Star Trek Deep Space Nine Companion
- Author: Terry J. Erdmann and Paula M. Block
- Illustrator: Richard Oriolo
- Language: English
- Published: 2000 (Pocket Books)
- Media type: Paperback
- Pages: 725
- ISBN: 0-671-50106-2
- Dewey Decimal: 791.45/72
- LC Class: PN1992.77.S7315 E73 2000

= Star Trek: Deep Space Nine Companion =

The Star Trek: Deep Space Nine Companion (ISBN 978-0-671-50106-8) is a trade paperback released by Pocket Books in 2000. Written by Terry J. Erdmann and Paula M. Block, it takes a detailed look at Star Trek: Deep Space Nine, and features interviews with actors, writers, directors, producers, makeup artists, and other members of the production staff.

Erdmann had worked for ten years as the publicist in film, including on Star Trek V: The Final Frontier. In late 1993, Pocket Books editor Kevin Ryan asked Erdmann if he would be interested in writing books about the making of Star Trek. Erdmann agreed, and over seven years, conducted interviews with a wide range of people involved in the series.
He wrote the book with his wife Paula M. Block.

The Companion takes a look at the creative processes behind each season and then has a detailed episode guide. Following each episode entry is the behind the scenes information. The book is 736 pages long, and features numerous black and white pictures.
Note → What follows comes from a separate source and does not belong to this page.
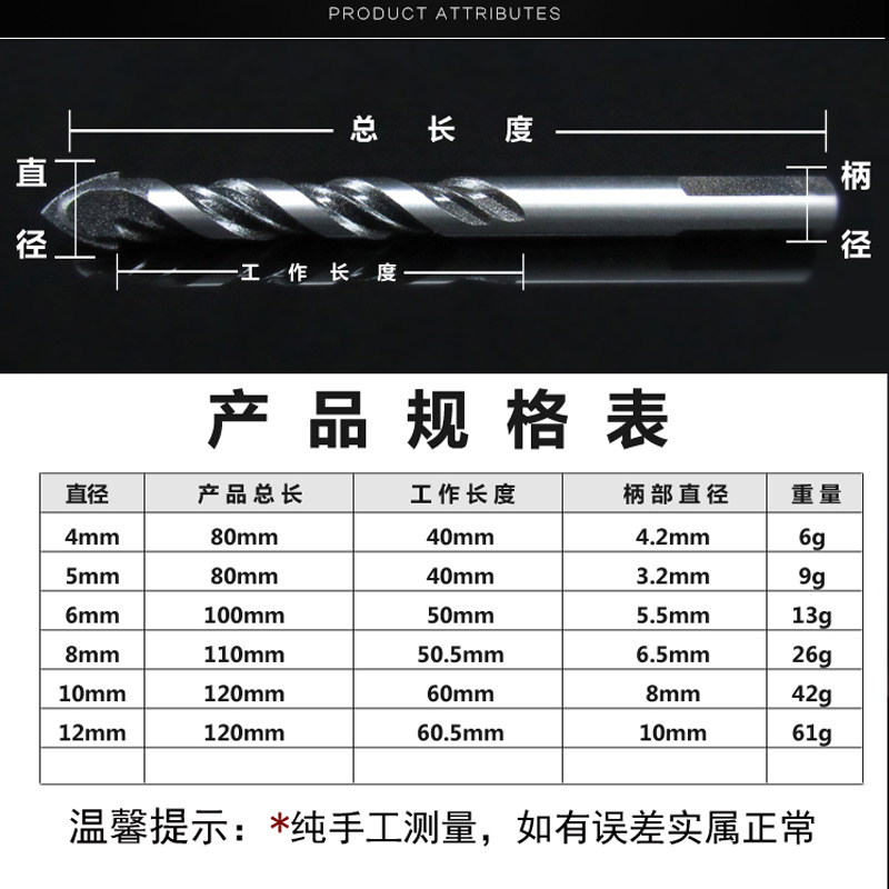 Lengthened woodworking ceramic reaming drilling tile drilling machine cement wall drilling mixed earth glass drill triangular drill

An unrelated CD-ROM, also called the Star Trek: Deep Space Nine Companion (ISBN 978-0-671-31785-0), was released in 1999, and features the scripts for the entire series and the trailers for each episode featuring Don LaFontaine as the announcer, among others.

==Reception==
Starlog magazine highly recommended the book, and called it a "must for any DS9 fan" and "one of the most authoritative companions to any TV program". The review by Stephen Cole in Dreamwatch criticized the book, opining that Erdmann did not present the content objectively, but through "rose-tinted lenses" and that because of this the book became difficult to read. He gave it a score of three out of five.
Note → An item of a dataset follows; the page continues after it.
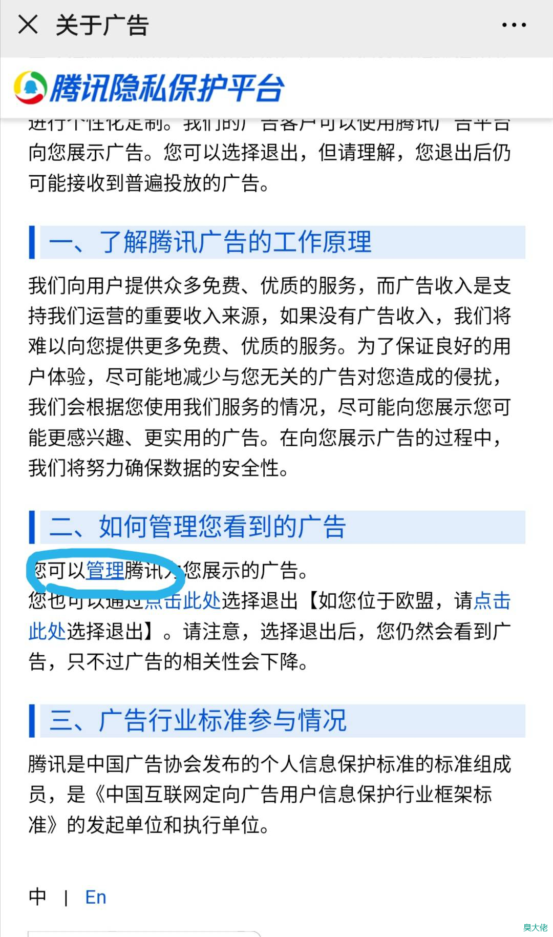 头部加粗段落里面有个蓝色可点击的《关于广告》,点击进入。

The Log Book.com wrote: "Criticism has been aired condemning the book as being overly pro-DS9. Well, to that I say, 'Duh'. It's not very often that a book is going to bash with impunity the series it's covering, or in the case of DS9, compare itself to the other Treks. To be honest, I disagree with this ascertainment of overt bias. In many of the behind-the-scenes sections, the producers openly admit that certain episodes were of less than stellar quality, without offering up pathetic excuses or 'could've beens' (at least very often). Naturally, there are certain episodes that the producers defend ('His Way' being a good example) that fans decried. But by and large Ron Moore and Ira Behr know what worked and what didn't and are candid about the whole affair".